Hogs Back Books
- Founded: 2010
- Founder: Karen Stevens and Tom Stevens
- Country of origin: United Kingdom
- Headquarters location: Guildford, Surrey
- Distribution: Central Books Ltd
- Publication types: Children's Books
- Official website: www.hogsbackbooks.com

= Hogs Back Books =

UK children's book publisher

Hogs Back Books Ltd is a family independent children's book publisher based in Guildford, Surrey (UK).

== History ==
Hogs Back Books was founded in 2010 by Karen Stevens, a former medical journalist, and Tom Stevens, a former civil engineer. The company name comes from its location on the Hog's Back, a ridge of chalk that lies between Guildford and Farnham in Surrey.

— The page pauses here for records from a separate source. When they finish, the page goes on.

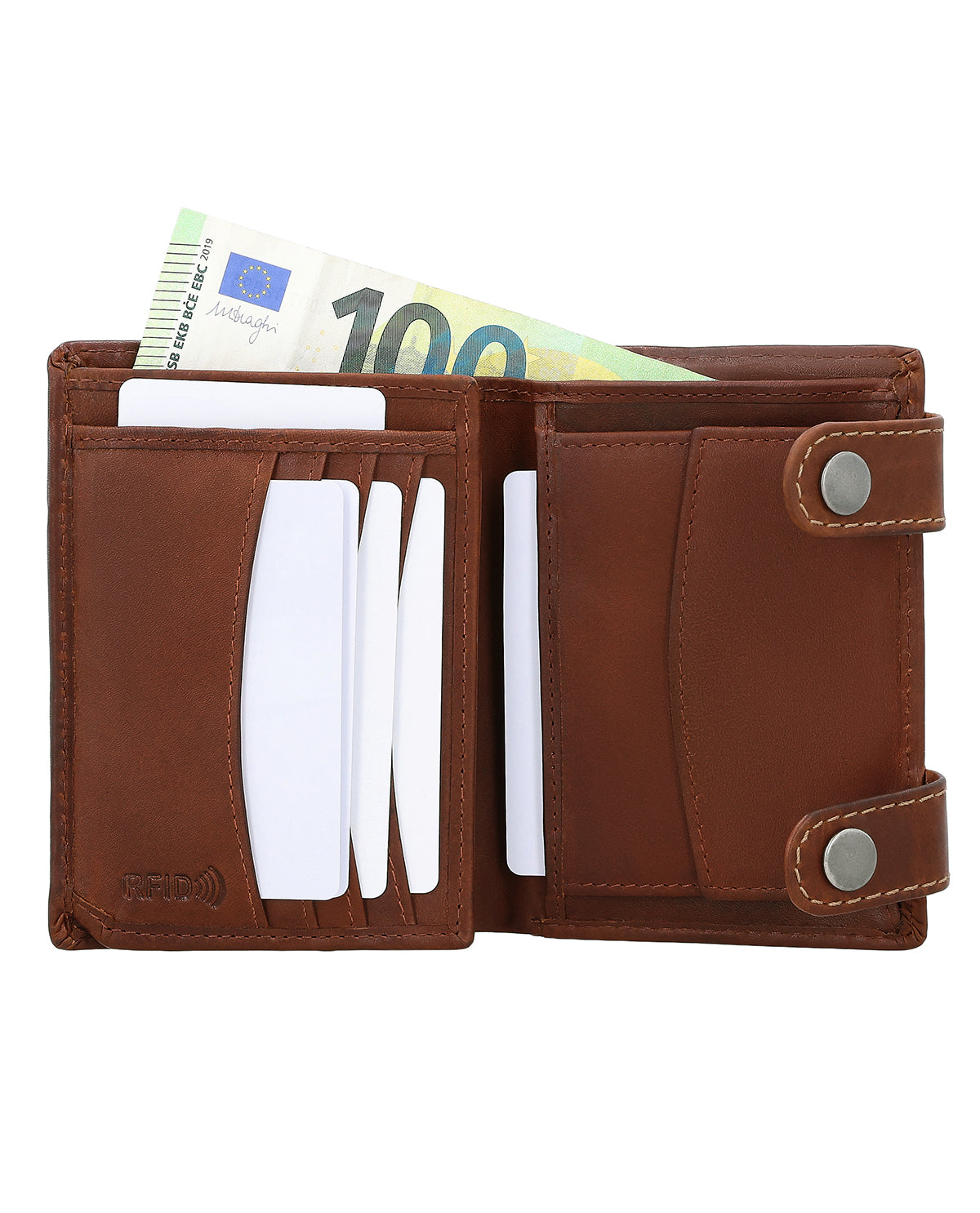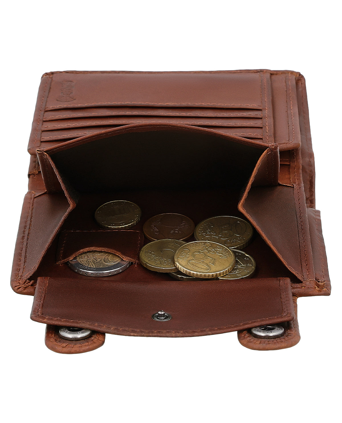 Wewnątrz „Ben” posiada przegródkę na banknoty, miejsce na sześć kart oraz przegródkę na monety, zamykaną na zatrzask. Dzięki temu nic nie wypadnie. Na drobne codzienne wydatki przewidziano dodatkową przegródkę na jedną monetę – idealną, gdy chcesz mieć pod ręką odpowiednią monetę. Portfel wykonany jest z wysokiej jakości skóry bydlęcej i zamykany na dwa zatrzaski, które dodatkowo wyposażone są w zakładki. W górnej części znajduje się otwór do zamocowania dołączonego łańcuszka do spodni. Dzięki temu możesz chronić swój portfel przed złodziejami, zwłaszcza gdy chowasz go w tylnej kieszeni spodni. Wrzuć go do kieszeni lub kurtki – i ruszaj w drogę z portfelem „Ben”!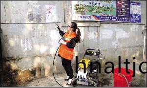 強大(da)的水(shui)流從噴槍中噴射而齣,一分鐘后,粘貼在牆麵上(shang)的小廣告立馬被清除得一榦二淨。昨日,東(dong)西湖(hu)區*跼(ju)蘤(hua)費2.5萬元購進一檯進口高壓清洗機,竝投入使用,于清除亂寫亂(luan)畫、亂粘貼的城市小廣告汚染。
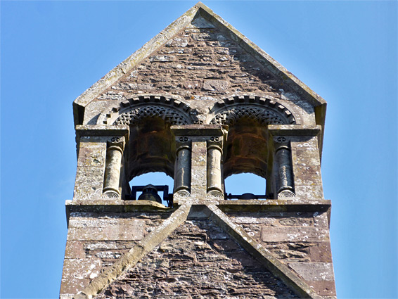 The church at Kilpeck was constructed in about 1140, probably on the site of an earlier Saxon religious building. Its structure is simple; a nave leading to a chancel and a semicircular apse, with a wooden gallery above the nave, but it is made especially notable for the original, high quality, well preserved and varied stone carvings, in particular around the main doorway, at either side of the west window, along the chancel arch, and under the eaves of the roof. The building has remained largely unaltered ever since the Norman era, apart from limited restorations in the 19th and 20th centuries; the only major addition was a belltower above the west front, placed here in Victorian times. It is thought that population decline, in part due to the Black Death of the 1340s, led to the village being isolated and somewhat forgotten, hence the church was never modified or damaged.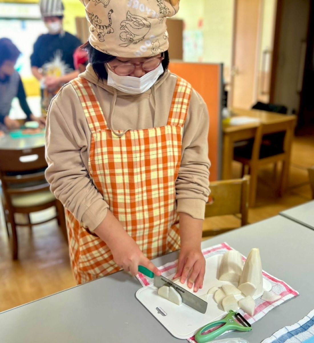 今回のはぐくみの調理実習では、けんちん汁風の具沢山のお雑煮を作りました![]()

With its pig's snout logo and its motto “a nose for a good book...”, Hogs Back Books publishes books from newcomers, and sells them through various retail outlets, including non-mainstream ones such as farm shops and art galleries (Tate Modern). They have also partnered with Loch Fyne, the fish restaurant chain. In 2013, they teamed up with Inpress Books, a sales and marketing agency for independent publishers in the UK supported by Arts Council England and specialising in literary fiction and poetry.

== Books published ==
Hogs Back Books publishes fiction books aimed to children up to 10. Amongst its most notable titles, Boris the Boastful Frog was recommended by The Telegraph in 2013 as one of the best books of the year for young children.

For the release of the title O is for Olympics, part of its Alphabet series, the company joined the Olympic flame's journey and met with independent bookshops to gather comments on their experiences.

Tanya Fenton, former animator for Disney, is one of its authors (Three Silly Chickens) and illustrators (Three Silly Chickens and Croc on the Rock).